The cabin of the DS 3 Crossback is one with no shortage of interesting distinguishing features, but the truth is that its various shortcomings and inconsistencies rob it of a really convincing selling point, either in terms of practicality or premium-worthy ambient richness.
The act of getting into the front seats could and should have been made easier than it might be in a normal supermini. However, although the car offers a broadly convenient raised hip point for your backside, your heels tend to be tripped up when entering the car unless you lift them very carefully over a sill that’s unusually high, wide and obstructive.
Once you’re aboard, the architecture and packaging of the front of the cockpit seems quite innovative. The air vents, instruments, infotainment display and the switchgear that controls it are all collected on a panel that sweeps across the fascia at a common height – but just underneath that, the dashboard and door panels are recessed away from you, making plenty of space for your knees and elbows.
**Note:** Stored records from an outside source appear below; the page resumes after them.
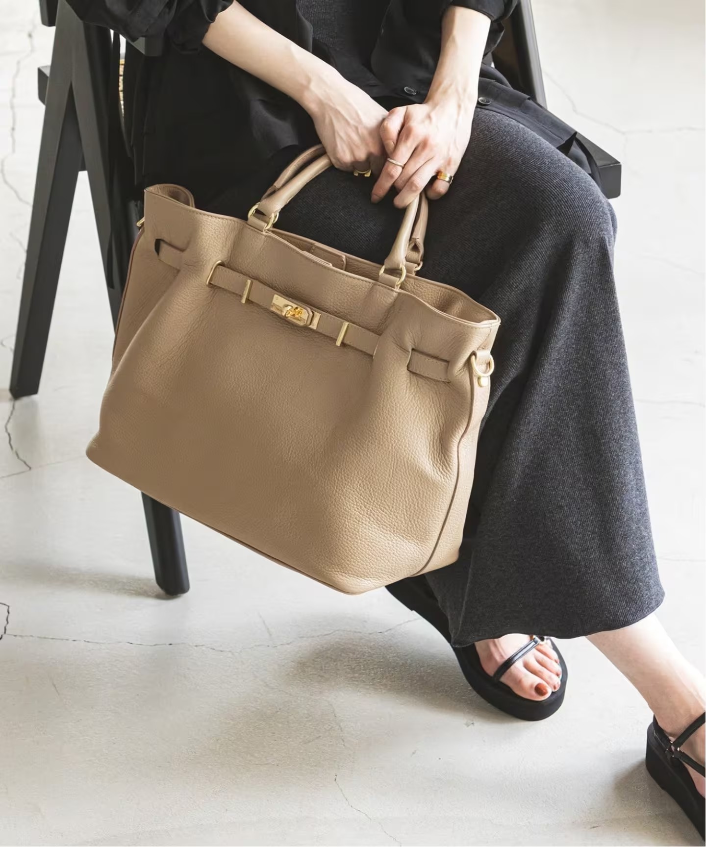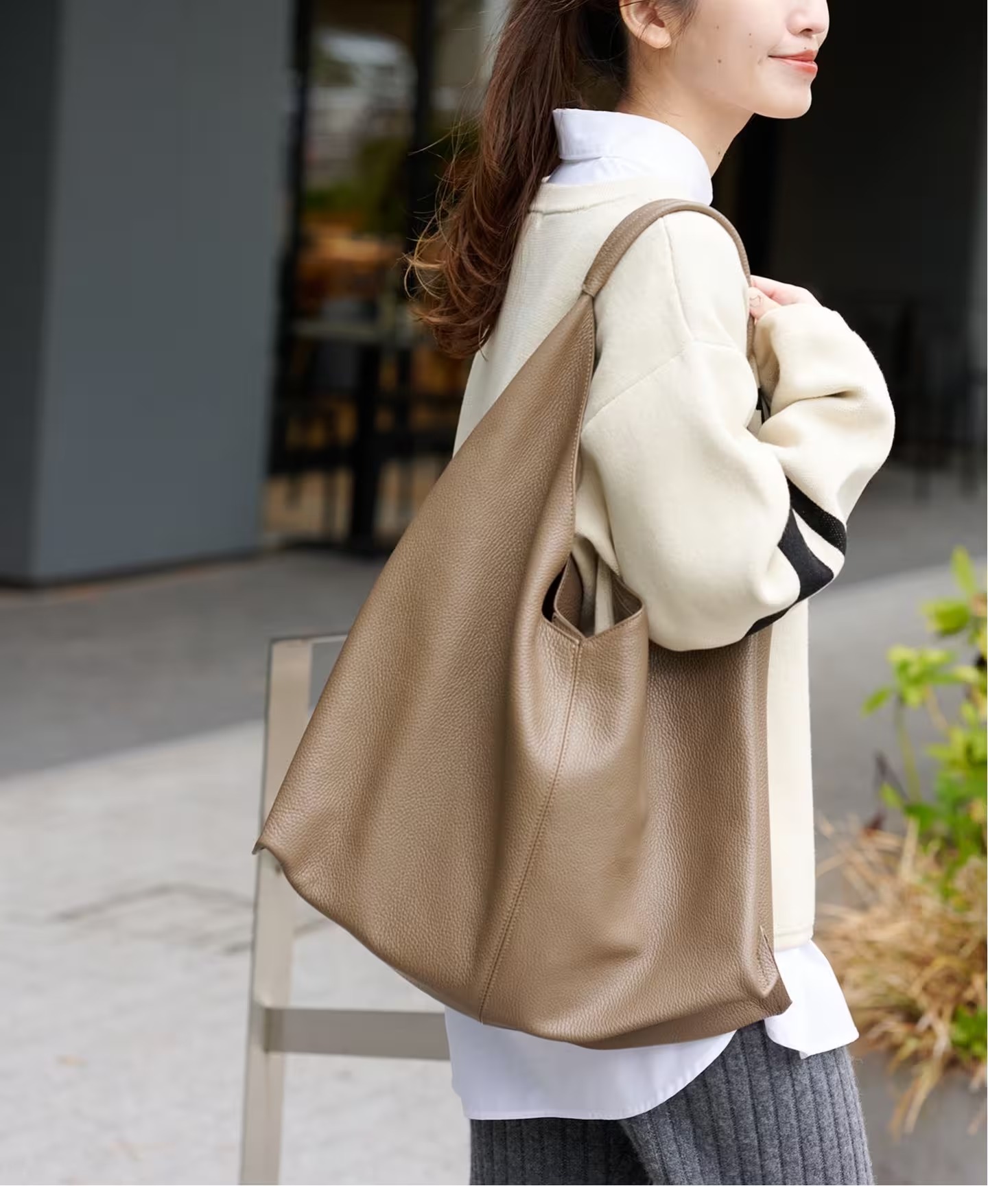 デイリーに大活躍する大きめサイズJOURNAL STANDARDのAULENTTIレザーショルダーバッグやNOBLEのMILOSカナグツキトートといったビッグサイズのベージュバッグが続々。AULENTTIはころんとしたフォルムが可愛いボストンもチェックして。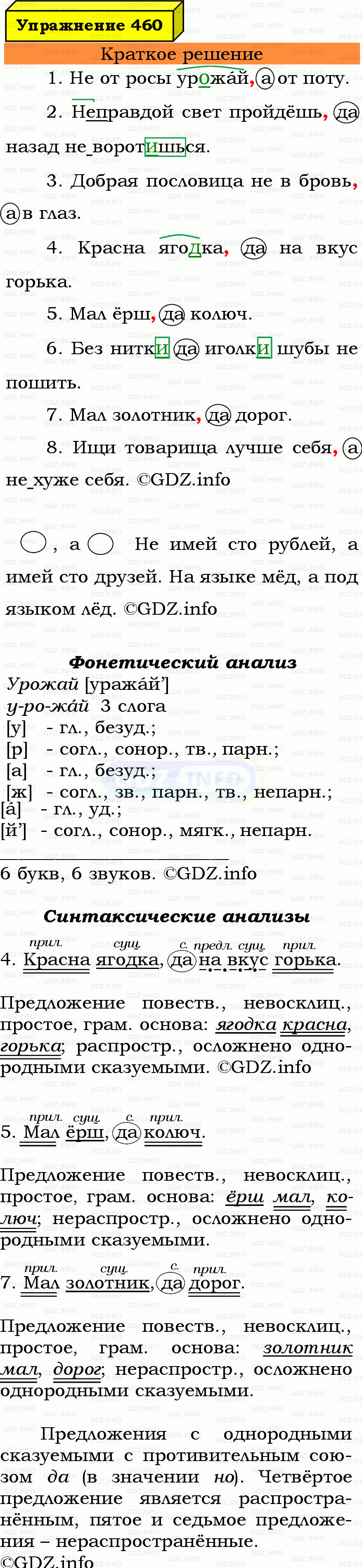 ГДЗ (готовое домашние задание из решебника) по Русскому языку 7 класса авторов М.Т. Баранов, Т.А. Ладыженская, Л.А. Тростенцова, 2013г. / 2019г. / 2023г. на Номер №460.Условие 2023 г.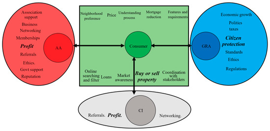Although the scope of SRE is vast and covers many domains, the current study focuses on buyer-seller interactions and the disruptive technologies that can improve them. Based on a review of literature about online real estate searches, such as the work of Grant and Cherif [46], Rae and Sener [47], and Rae [48], consumers’ online behaviour can be summarised by Figure 1. It illustrates the mechanism for posting a property online and how potential consumers search, view and select properties. It also shows a number of requirements for a property to be posted online.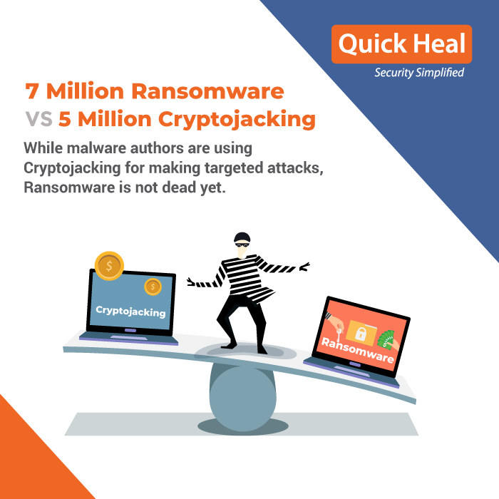 #Cryptojacking #Malware #Ransomware #Threat Report Quick Heal Threat Report – Cryptojacking rising but Ransomware still #1 threat for consumers In wake of the growing incidences of targeted cyber-attacks on enterprises using Cryptojacking, due to its ease of deployment and Sushmita Kalashikar / 7 years Comment (2) (54)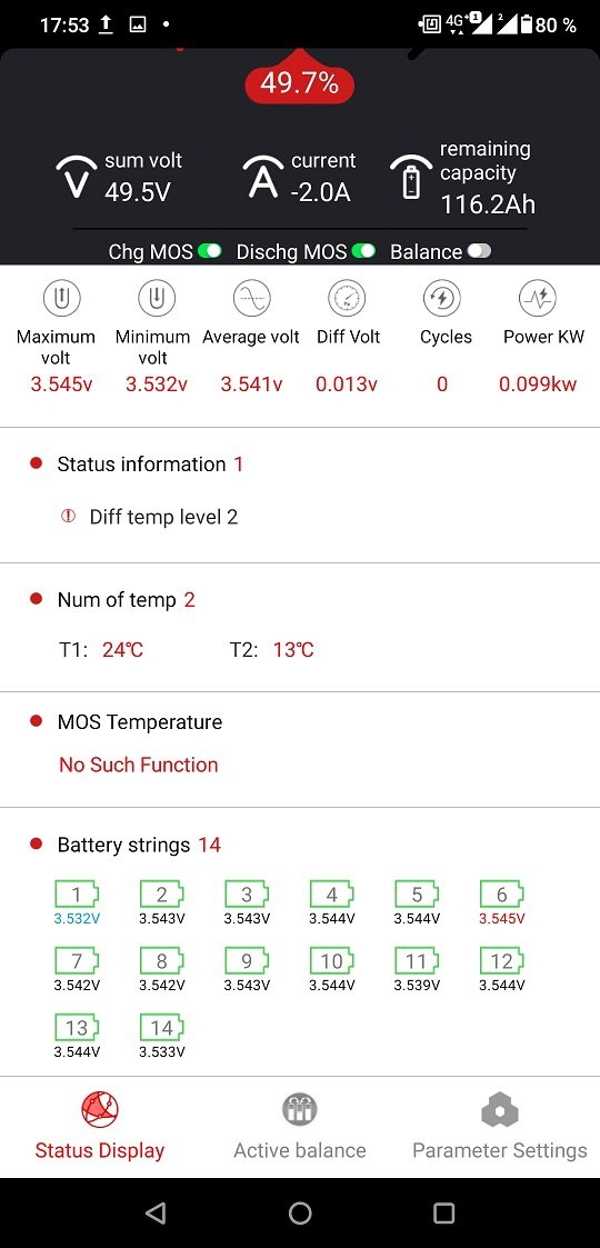 Tenkrát jen špatně zapojené kablíky. Funguje, ukazuje a měří to už dobře.matej píše: pát bře 08, 2024 9:06 pmNTC termistory v E78 majú pri izbovej teplote 10k.ANT BMS aj JK BMS majú tiež 10k NTC termistory, s nimi to funguje, máš asi nejakú zvláštnu BMS ktorá používa iný odpor alebo možno iný typ čidla. Zmeraj si odpor pôvodného, ufiknutého čidla pri izbovej teplote.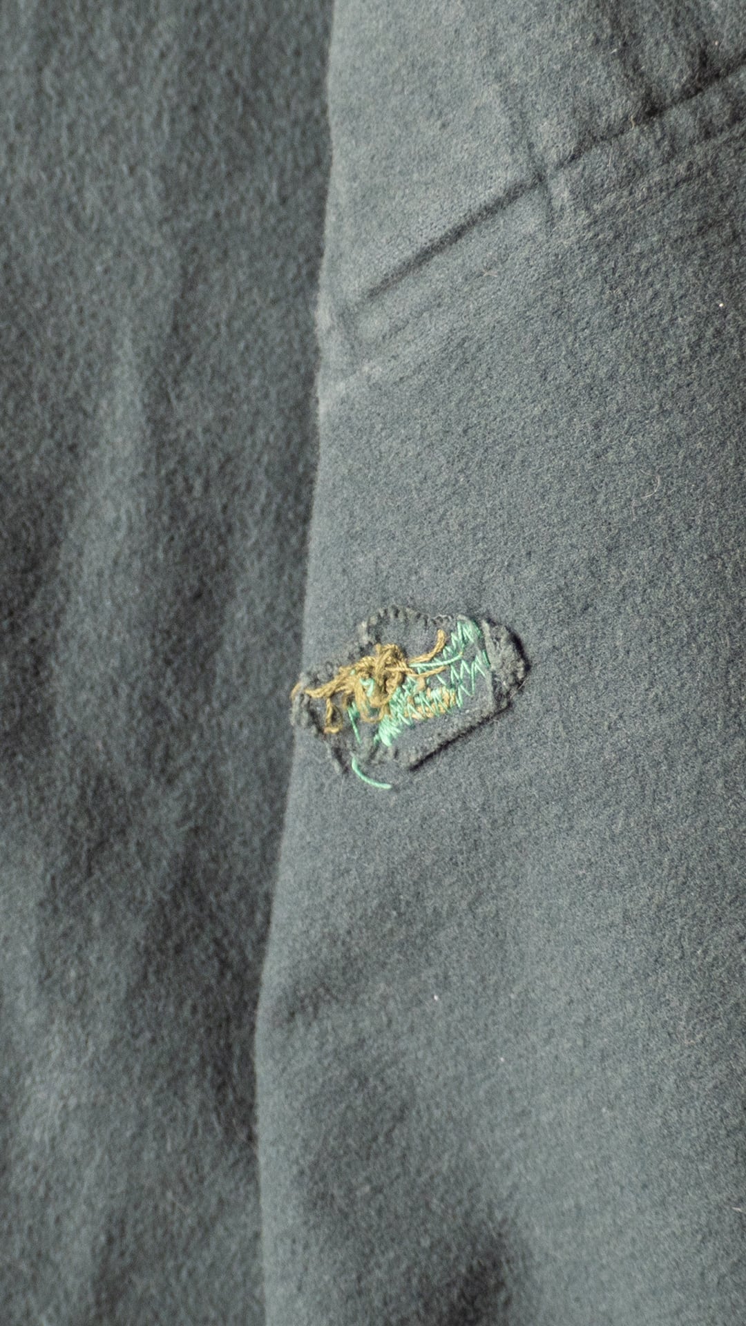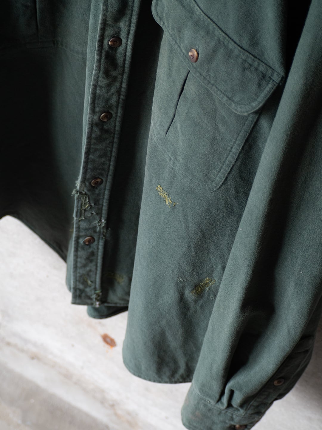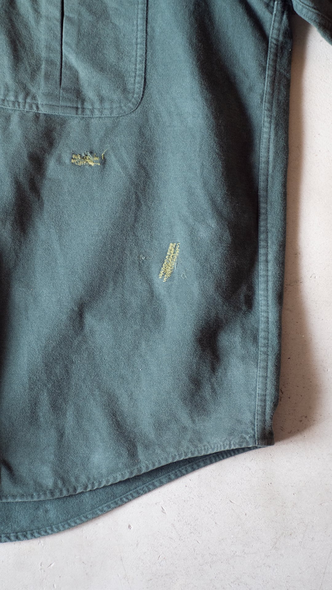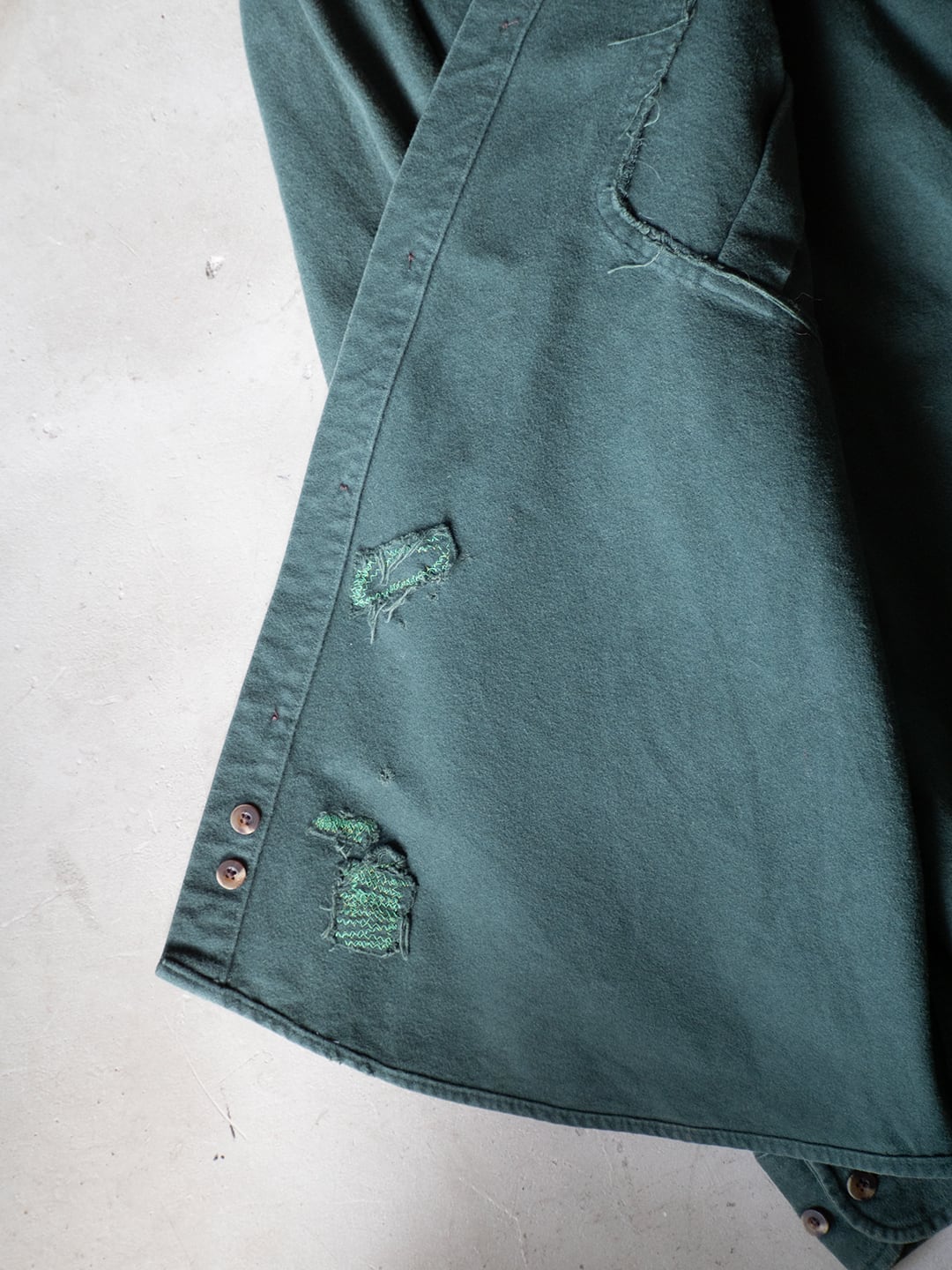 このシャツはダメージが多数ありますが、右胸ポケットの向こう布をくり抜いて、その生地を当て布として丁寧にリペアされています。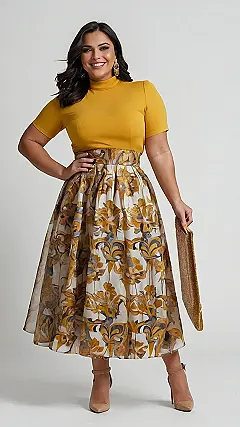 This outfit is totally rocking the “plus size fashion” scene! Just look at that amazing floral skirt, it’s like a beautiful garden bursting with color! And that mustard yellow top, it’s like a ray of sunshine on a cloudy day! The whole look is so confident and stylish, you’d never guess that this lady was worried about her size!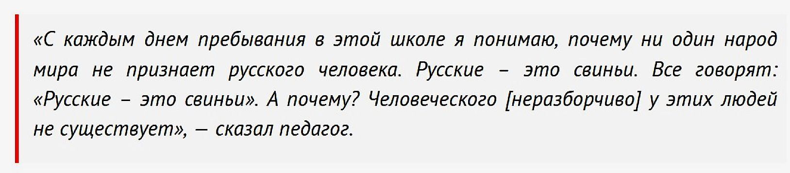 Ну вот, настоящее и циничное разжигание межнациональной розни добралось уже и до школ и, делает это не какой-нибудь малолетний раздолбай, а учитель, призванный нести детям светлое, доброе, вечное. А люди всё ещё наивно надеются, что днище уже пробито. Как бы не так...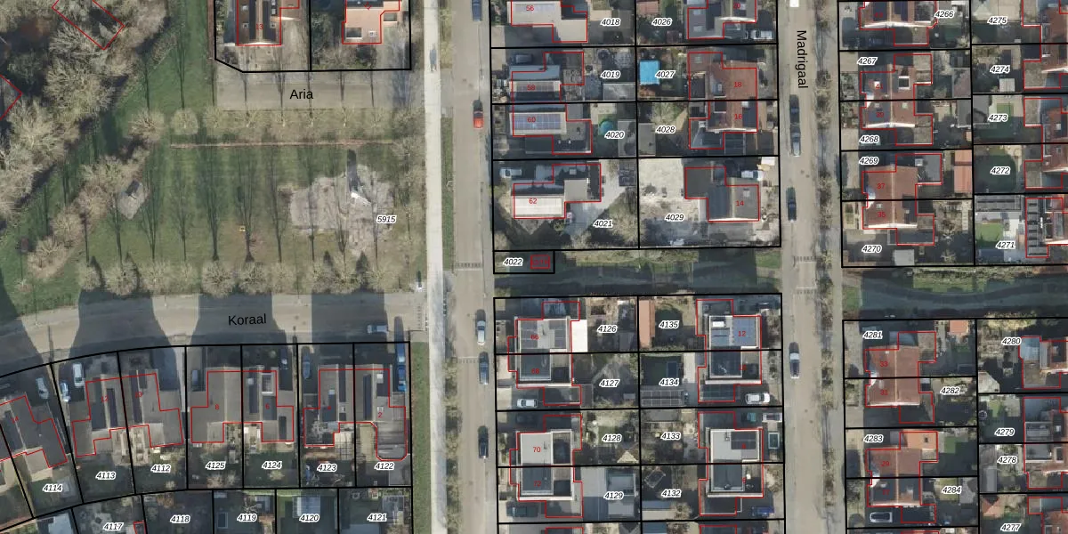 Het perceel waarop Aria 62-TR staat heeft een oppervlakte van 48 m². Dit is een klein perceel. De perceeloppervlakte wordt geregistreerd door het Kadaster. Gedetailleerde informatie over de maten van dit perceel kunt u vinden in het rapport Kadastrale kaart met maatvoering van Aria 62-TR.
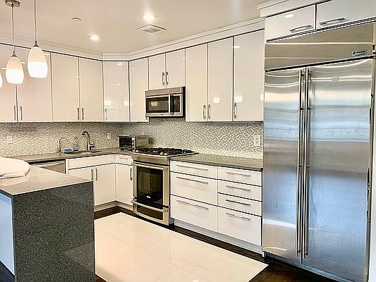 This unit has all the bells and whistles plus ONE PARKING spot!! First floor unit with gorgeous kitchen with large island and loaded with lacquer cabinets and Bosch appliances. Open living/dining room area which will easily fit - full size dining table. Large bedroom will fit a king bed, washer/dryer in unit and lots of closets. This unit is complete with a beautiful marble bath and it's very own parking spot in the garage and central heat and AC. Small pets on approval, tenant pays all utilities. This coveted building has a part-time doorman, package area, garage, shared patio area and a beautiful front garden. Close to shops, transportation and restaurants. You must have excellent financials, guarantors are ok, with minimum $112K income. Full application where you must provide 2020 tax return, bank statement and pay stubs.

Even though the leathers and mouldings of our test car were dark, that made for a pleasing sensation of space, and for good visibility, up front. The same isn’t delivered for those sitting in the back, however – the view out of the car hampered by a rising beltline and DS’s shark-fin bodyside styling feature.
Our upper-mid-level Prestige-trim test car came with DS’s Opéra-grade interior as a cost option (£950), which brought particularly soft black leather seats with a watch-strap upholstery motif, and a black and mottled bronze leather fascia panel with decorative stitching.
Between those upmarket trim elements and the stylised switchgear of the centre console, the car is at pains, in places, to convince you that it is a designer luxury good worthy of its price premium. In other places, however, the quite hard, plain, shiny and uninviting finishes of the lower secondary mouldings are unworthy of the same description.
Meanwhile, the DS 3 Crossback’s large touchscreen infotainment display and its digital instruments are another attempt to convince you of its sophistication doomed only to partial success, owing to the slightly clunky, tardy usability of the former and the latter’s omission of a really clear and readable ‘classic’ instrumentation display mode.
The 10.3in widescreen display would be a real rarity as standard equipment on a car at this price – but it only comes on Prestige-trimmed models and above. That means you could pay more than £27,000 for a Performance Line car and find that, while the standard-fitted system does include smartphone mirroring for Apple and Android phones, you don’t get factory satellite navigation.
Much as it might not come as a great consolation, the upper-level DS Connect system isn’t that impressive. It’s not one that lures you to interact with it through particularly slick graphics or a clever manual input device, and much of the real estate of the screen to either side is wasted when it’s displaying navigation mapping or radio tuner information.
The navigation is supplied by TomTom, and it’s respectable for usability and mapping detail but no better. The system comes with three years of live traffic information, online search functionality and fuel station, parking and weather information from purchase, after which it’s subject to subscription.